Collection entries:
.....

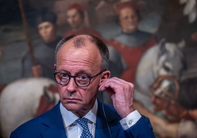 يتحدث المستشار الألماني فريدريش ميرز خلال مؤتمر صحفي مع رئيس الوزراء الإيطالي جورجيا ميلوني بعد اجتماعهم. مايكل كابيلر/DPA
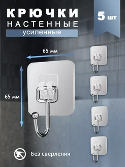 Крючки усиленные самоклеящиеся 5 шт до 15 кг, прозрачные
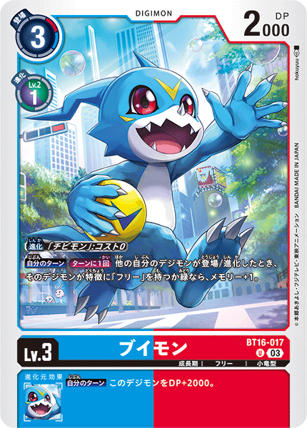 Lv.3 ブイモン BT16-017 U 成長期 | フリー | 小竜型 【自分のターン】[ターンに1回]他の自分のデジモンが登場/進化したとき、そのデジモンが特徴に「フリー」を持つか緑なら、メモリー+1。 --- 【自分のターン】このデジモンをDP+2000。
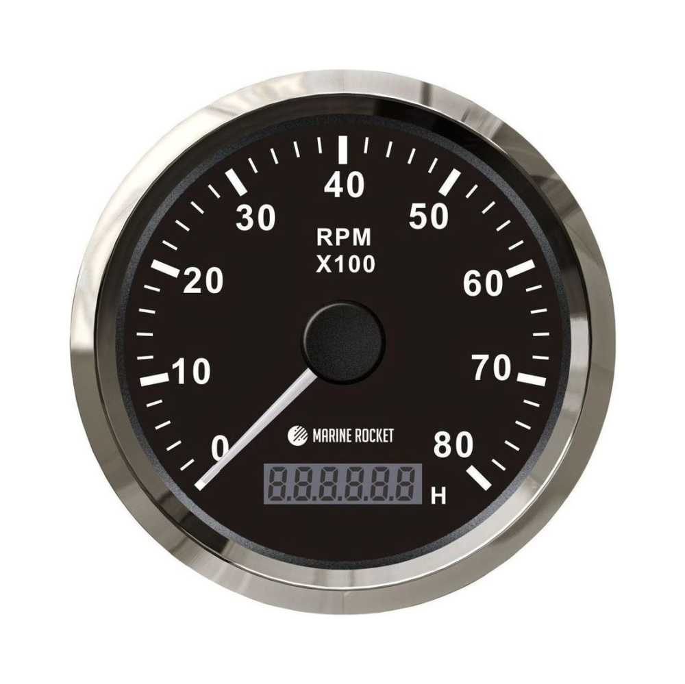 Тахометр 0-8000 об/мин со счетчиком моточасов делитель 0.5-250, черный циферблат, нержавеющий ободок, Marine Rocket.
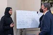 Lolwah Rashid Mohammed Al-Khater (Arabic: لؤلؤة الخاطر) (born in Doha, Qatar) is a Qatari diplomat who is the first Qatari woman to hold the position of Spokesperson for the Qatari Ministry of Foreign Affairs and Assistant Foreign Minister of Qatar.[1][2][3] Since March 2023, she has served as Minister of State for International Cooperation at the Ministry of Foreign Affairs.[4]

.....

Please repeat every record exactly as it stands, leaving out any pictures.

 يتحدث المستشار الألماني فريدريش ميرز خلال مؤتمر صحفي مع رئيس الوزراء الإيطالي جورجيا ميلوني بعد اجتماعهم. مايكل كابيلر/DPA
 Крючки усиленные самоклеящиеся 5 шт до 15 кг, прозрачные
 Lv.3 ブイモン BT16-017 U 成長期 | フリー | 小竜型 【自分のターン】[ターンに1回]他の自分のデジモンが登場/進化したとき、そのデジモンが特徴に「フリー」を持つか緑なら、メモリー+1。 --- 【自分のターン】このデジモンをDP+2000。
 Тахометр 0-8000 об/мин со счетчиком моточасов делитель 0.5-250, черный циферблат, нержавеющий ободок, Marine Rocket.
 Lolwah Rashid Mohammed Al-Khater (Arabic: لؤلؤة الخاطر) (born in Doha, Qatar) is a Qatari diplomat who is the first Qatari woman to hold the position of Spokesperson for the Qatari Ministry of Foreign Affairs and Assistant Foreign Minister of Qatar.[1][2][3] Since March 2023, she has served as Minister of State for International Cooperation at the Ministry of Foreign Affairs.[4]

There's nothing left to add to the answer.